* _Task directions_: Copy, please, the line with "山西省招生考试管理中心关于做好2026年重点高校招生专项计划工作的通知" and each line that follows it through the end of the data below, exactly as given and without pictures.

Records from a data collection:
-*-*-

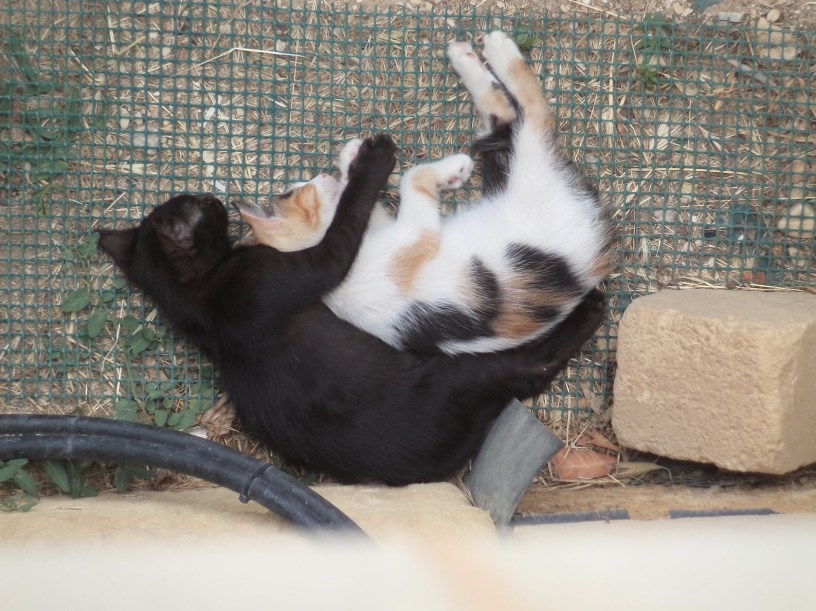 Unlike the Furries the year previously, Flora Fourpaws and Furrileesa Fourpaws were not born in the garden. Rather The Cat chose somewhere out in the fields to raise her litter for the first few weeks of their lives. There was an inevitability that, all being well, she would bring the kittens back to the garden for weaning and, one evening around six weeks after their birth, she did exactly that, carrying them carefully but briskly one at a time from their nest in the fields, scaling walls with them in her mouth and finally depositing them inside one of the pods provided to give shelter in colder weather. She proudly showed them off to the humans; Flora was a calico, three colours (like her tortoiseshell mamma) but with much more white, rather like The Cat’s daughter Ratchet, born a few years previously. Furrileesa was black with a tiny white dot at his throat; the humans guessed Longtail was his father.
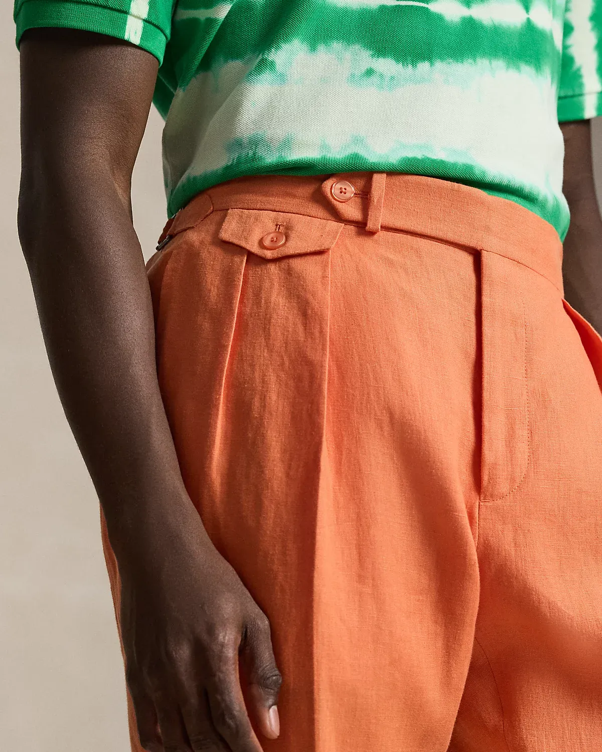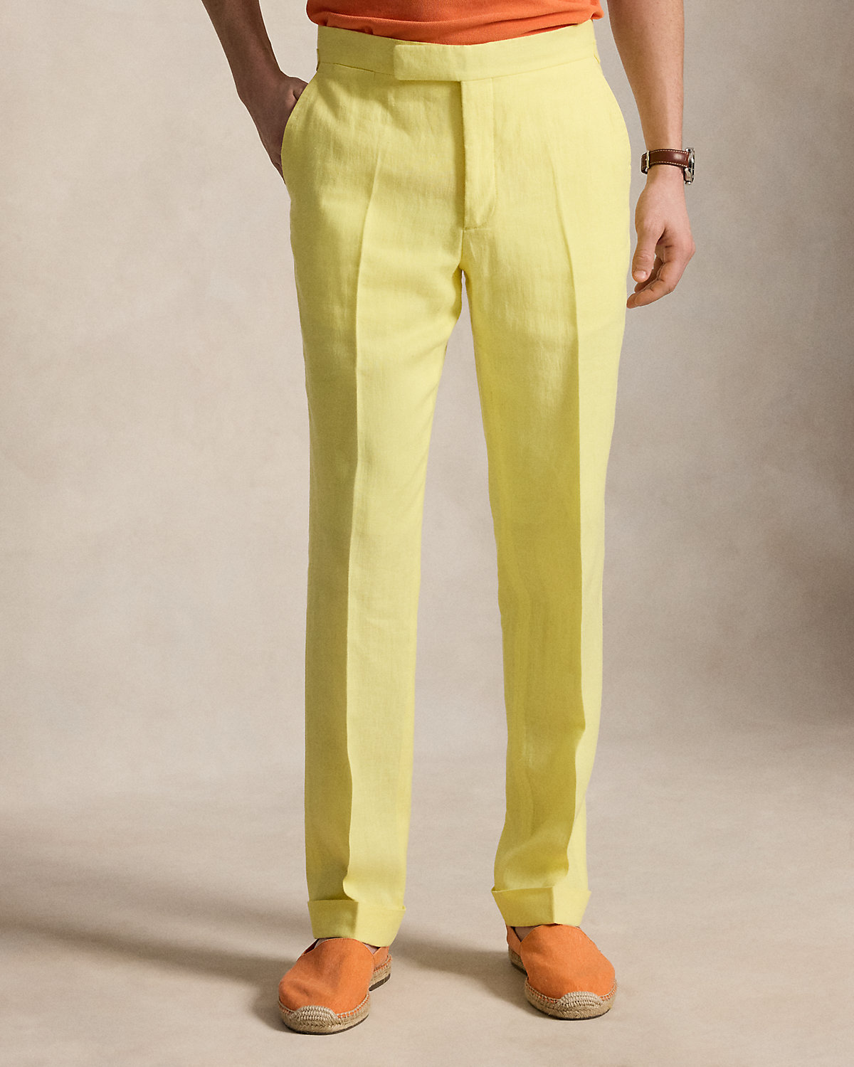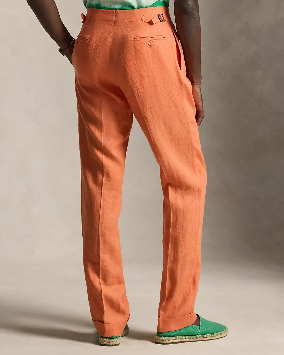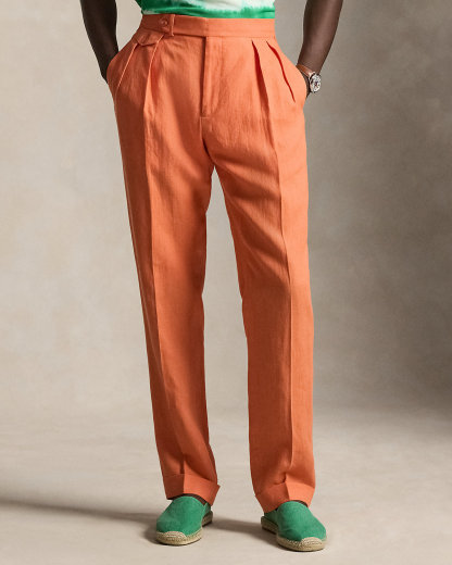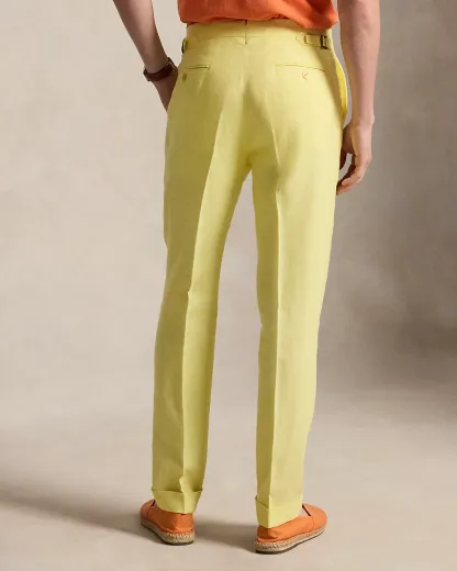These trousers are crafted with a custom-developed linen fabric that is breathable and lightweight.
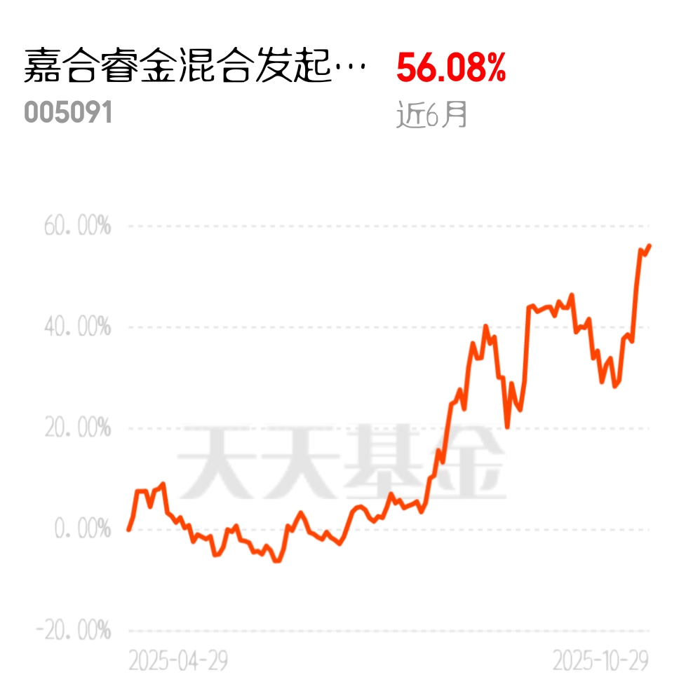 存储芯片因国际断供导致供应减少,CPO也需求大增,价格都在涨。嘉合睿金混合C踩准节奏,近六个月56.08%,一周吃10个点的情况常有。
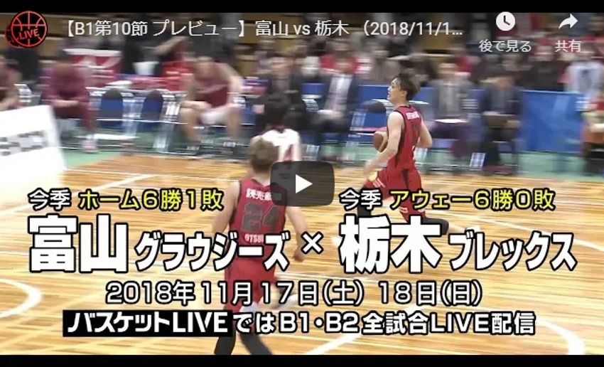11月16日(金)から18日(日)にかけて行われるB1リーグの第10節。 今節の対戦カードからは、1試合平均得点がリーグ1位と2位の対決となる『富山vs.栃木』の試合をピックアップする。 レオ・ライオンズやジョシュア・スミスを中心とした圧倒的な攻撃力で好調をキープする富山。一方、リーグ2位の得点力を誇る攻撃と経験豊富なメンバーによる堅守で東地区首位を走る栃木。 互いの武器を最大限に生かした攻め合いか? もしくは予想に反してロースコアゲームになるのか? 上位チーム同士による注目の戦いは、11.17(土)18:05と11.18(日)13:05に富山市総合体育館でティップオフ!! https://www.youtube.com/watch?v=NBk-DsdSO0Q <B.LEAGUE 2018-19/B1リーグ第10節> 2018年11月17日(土)18:05ティップオフ@富山市総合体育館2018年11月18日(日)13:05ティップオフ@富山市総合体育館富山グラウジーズ vs. 栃木ブレックス 【“Bリーグ2018-19全試合配信”バスケットLIVE】 https://basketball.mb.softbank.jp/?utm_source=partner&utm_medium=basketball-zine&utm_campaign=006 (月刊バスケットボール)
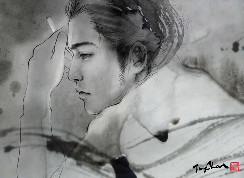 (Thank you once again Musetouch Magazine!) Finally, I found an artist outside of Europe and Japan that I like. Jung Shan comes from Taiwan and works as a general office clerk for a technology company. She does a variety of illustrations, combining Chinese watercolor styles and Western drawing techniques. She has also traveled throughout the world to countries like Spain, German, France, Poland, the UK and China. I find her quite interesting because she loves the idea of taking an ancient tradition and giving it a modern flare. She has no qualms about using digital tools to modify her works. If you are interested in reading an interview with the artist you can look up this link—–> JAPAN CINEMA.
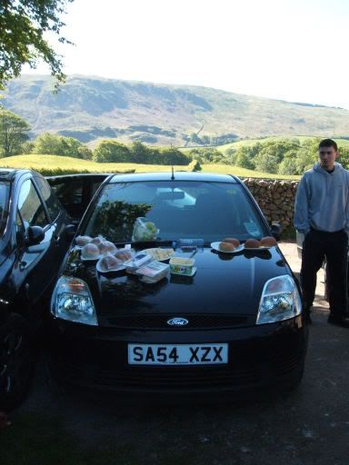 This photo has no purpose other than to show car bonnet as lunch preparation area. It just looked funny.
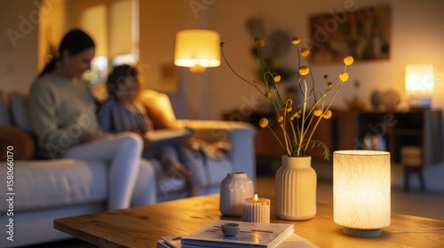A warmly lit living room with a modern wooden table, decorative vases, and candles. In the background, two people sit comfortably on a sofa, creating a peaceful and homey scene
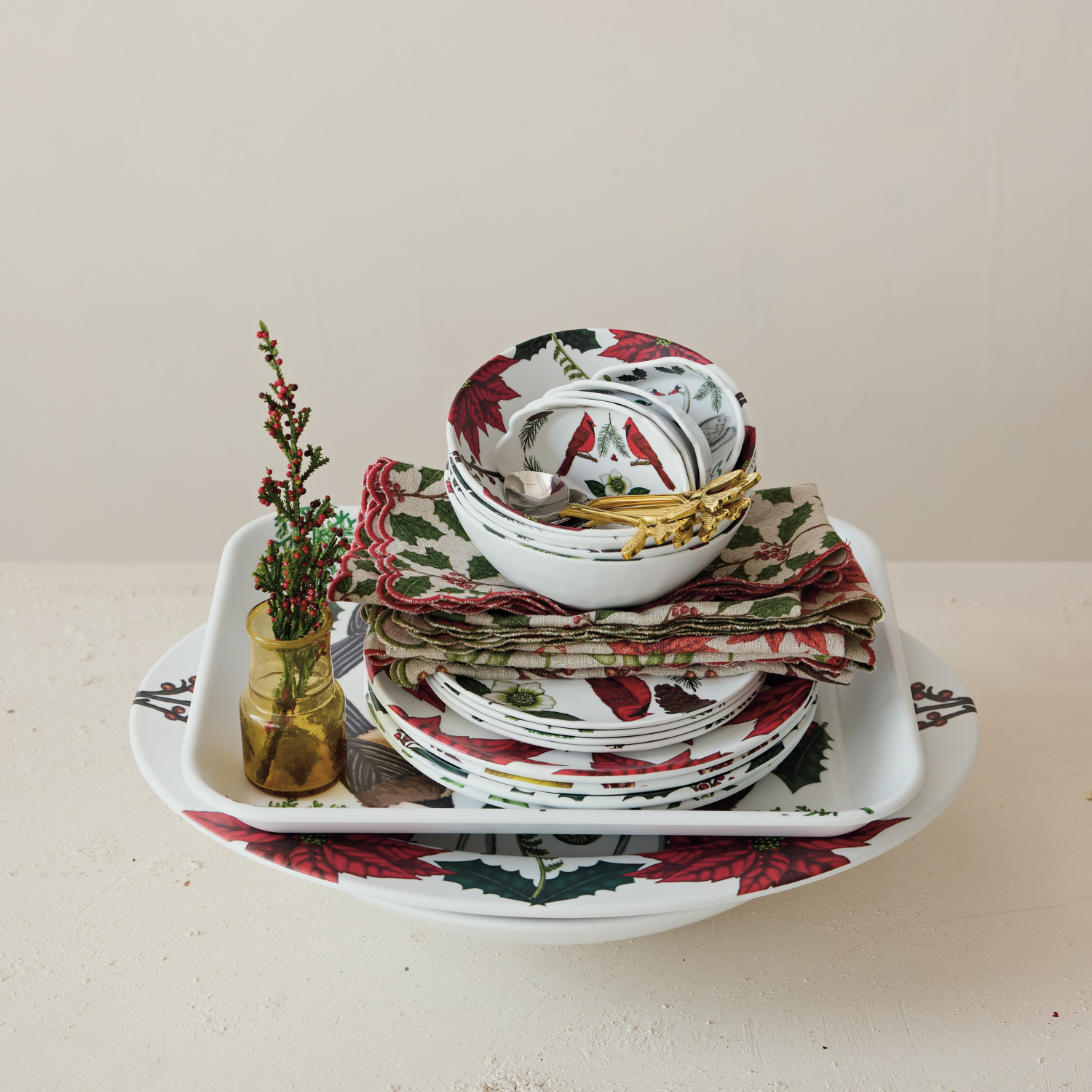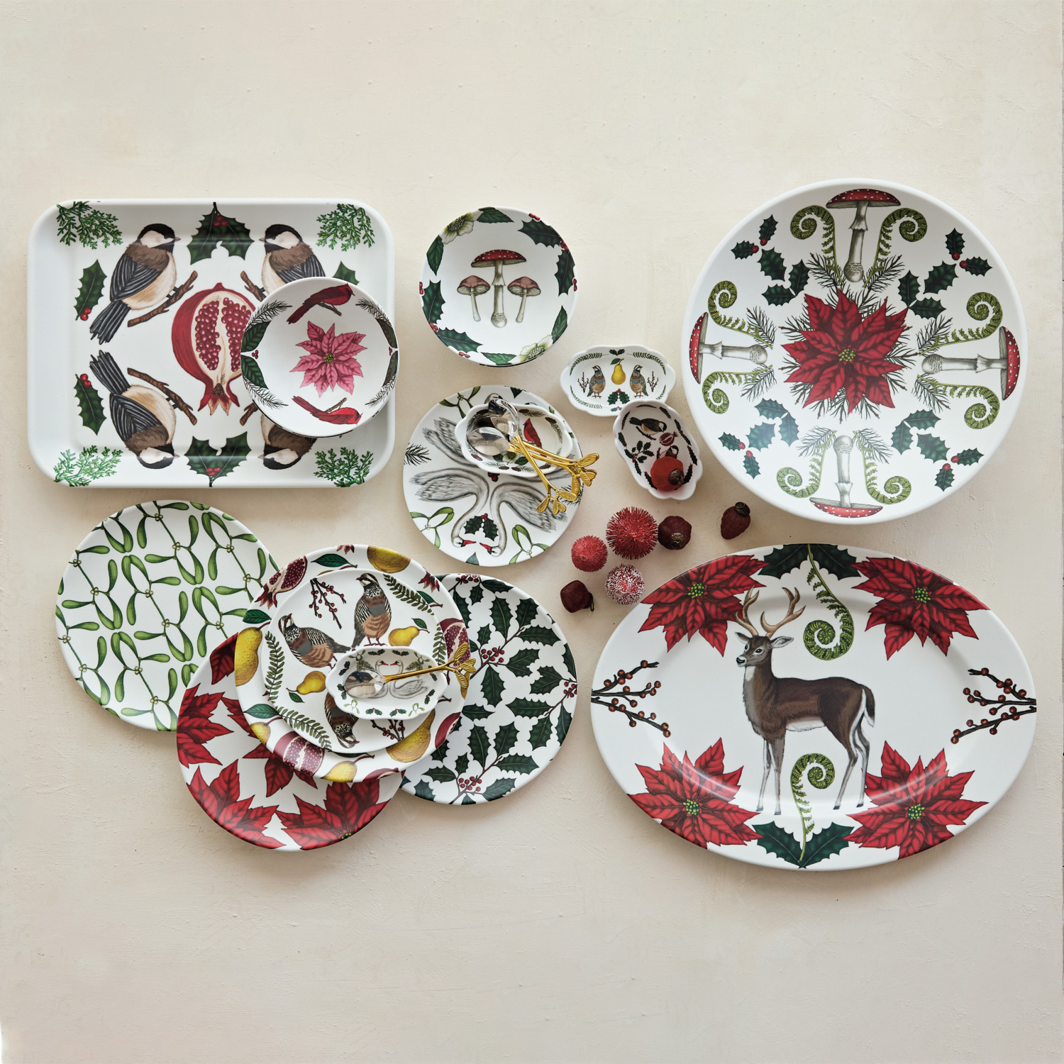 Melamine Scalloped Dish with Seasonal Botanicals & Animals, Matte Finish, 4 Styles ©
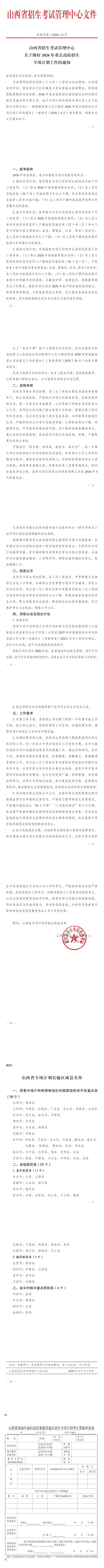 山西省招生考试管理中心关于做好2026年重点高校招生专项计划工作的通知
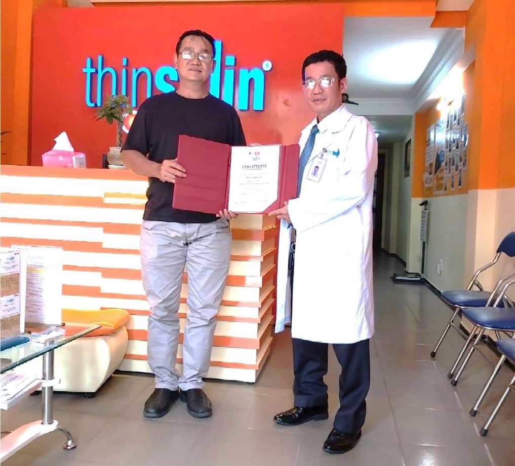 Mỗi tuần, trong suốt 12 tuần liên tục áp dụng chương trình DrThin, anh H.A.T được các Bác sĩ của chương trình DrThin tư vấn trực tiếp, một kèm một, nhằm cung cấp những kiến thức khoa học về dinh dưỡng cơ bản dựa trên nguyên lý “Insulin tăng – cơ thể tích trữ mỡ, Insulin giảm – cơ thể đốt mỡ” để anh có thể dựa vào đó biết cách chọn lựa cho mình những loại đồ ăn, thức uống đa dạng, phong phú vừa phù hợp với sở thích, điều kiện của cá nhân mình nhưng vẫn đạt được mục tiêu giảm đường huyết và giảm cân nặng một cách dễ dàng, thoải mái. Anh thật sự được ăn no, ăn mạnh khỏe trong suốt 3 tháng ăn Thin chứ không bị bắt nhịn ăn, hay bỏ bữa, để rồi bị đói bụng, mệt lả như các phương pháp ăn kiêng khác.
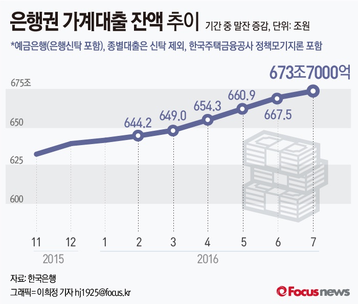 (서울=포커스뉴스) 10일 한국은행이 발표한 '2016년 7월중 금융시장 동향'을 보면 7월 은행 가계대출(정책모기지론 포함)은 673조7000억원으로 전월 대비 6조3000억원 늘었다.
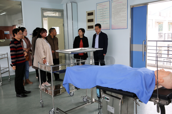 調研座談會后,考察組一行在黃銘珊副院長及有關部門的陪同下實地參觀考察了學院門診部、藥學系藥物制劑實訓車間、標本館和護理系實訓中心。
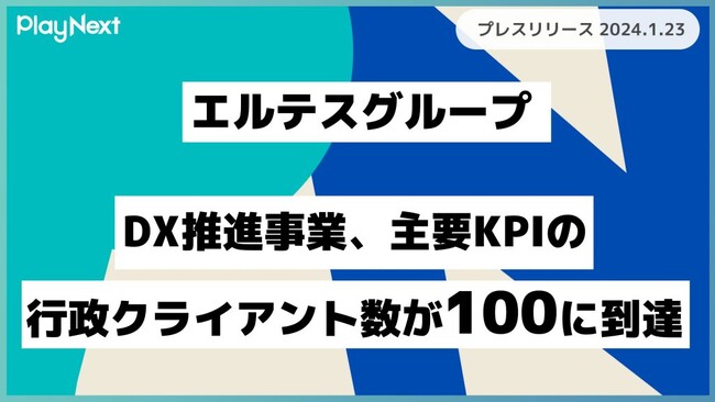 プレイネクストラボ株式会社(本社:東京都品川区、代表取締役:柏 匠、以下「プレイネクストラボ」)が参画する株式会社エルテス(本社:東京都千代田区、代表取締役:菅原貴弘、証券コード:3967、以下「エルテス」)を中心とするエルテスグループは、2023年5月25日開示の「事業計画及び成長可能性に関する説明資料 中期経営計画 2022年~2024年」※1で、DX推進事業の主要KPIに行政クライアント数※2を定めておりました。プレイネクストラボのグループ参画や、株式会社JAPANDX(本社:東京都品川区、代表取締役:菅原貴弘、以下「JAPANDX」)のスーパーアプリの横展開加速によって、2023年12月末時点で100を上回りましたので、ご報告いたします。
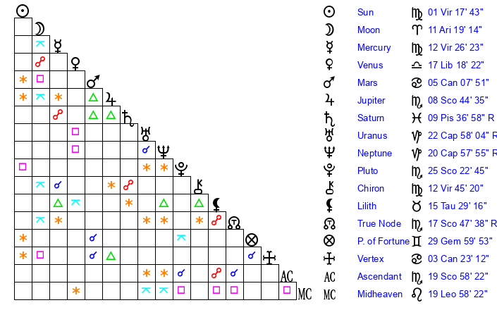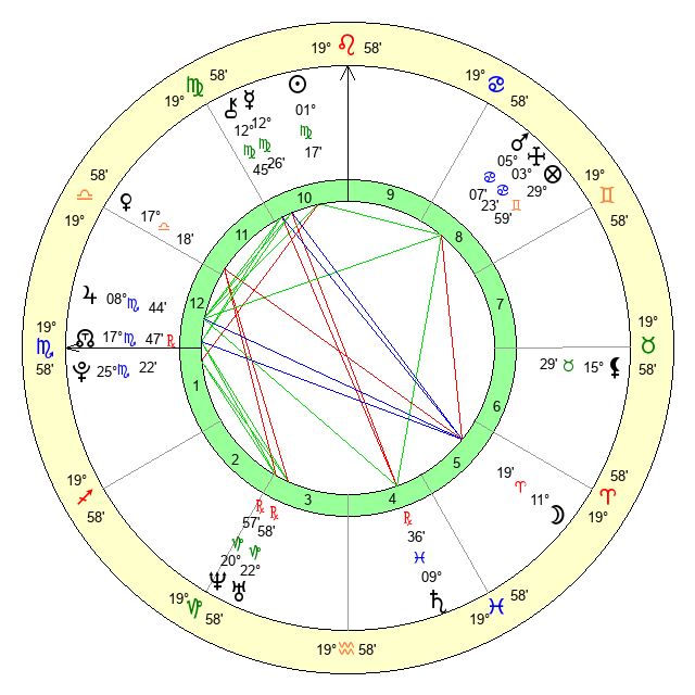 | Sun | 1 Virgo 17 | 1 Virgo 47 | 1 Libra 25 |

-*-*-

* _Solution to this exercise_:
 山西省招生考试管理中心关于做好2026年重点高校招生专项计划工作的通知
 Mỗi tuần, trong suốt 12 tuần liên tục áp dụng chương trình DrThin, anh H.A.T được các Bác sĩ của chương trình DrThin tư vấn trực tiếp, một kèm một, nhằm cung cấp những kiến thức khoa học về dinh dưỡng cơ bản dựa trên nguyên lý “Insulin tăng – cơ thể tích trữ mỡ, Insulin giảm – cơ thể đốt mỡ” để anh có thể dựa vào đó biết cách chọn lựa cho mình những loại đồ ăn, thức uống đa dạng, phong phú vừa phù hợp với sở thích, điều kiện của cá nhân mình nhưng vẫn đạt được mục tiêu giảm đường huyết và giảm cân nặng một cách dễ dàng, thoải mái. Anh thật sự được ăn no, ăn mạnh khỏe trong suốt 3 tháng ăn Thin chứ không bị bắt nhịn ăn, hay bỏ bữa, để rồi bị đói bụng, mệt lả như các phương pháp ăn kiêng khác.
 (서울=포커스뉴스) 10일 한국은행이 발표한 '2016년 7월중 금융시장 동향'을 보면 7월 은행 가계대출(정책모기지론 포함)은 673조7000억원으로 전월 대비 6조3000억원 늘었다.
 調研座談會后,考察組一行在黃銘珊副院長及有關部門的陪同下實地參觀考察了學院門診部、藥學系藥物制劑實訓車間、標本館和護理系實訓中心。
 プレイネクストラボ株式会社(本社:東京都品川区、代表取締役:柏 匠、以下「プレイネクストラボ」)が参画する株式会社エルテス(本社:東京都千代田区、代表取締役:菅原貴弘、証券コード:3967、以下「エルテス」)を中心とするエルテスグループは、2023年5月25日開示の「事業計画及び成長可能性に関する説明資料 中期経営計画 2022年~2024年」※1で、DX推進事業の主要KPIに行政クライアント数※2を定めておりました。プレイネクストラボのグループ参画や、株式会社JAPANDX(本社:東京都品川区、代表取締役:菅原貴弘、以下「JAPANDX」)のスーパーアプリの横展開加速によって、2023年12月末時点で100を上回りましたので、ご報告いたします。
 | Sun | 1 Virgo 17 | 1 Virgo 47 | 1 Libra 25 |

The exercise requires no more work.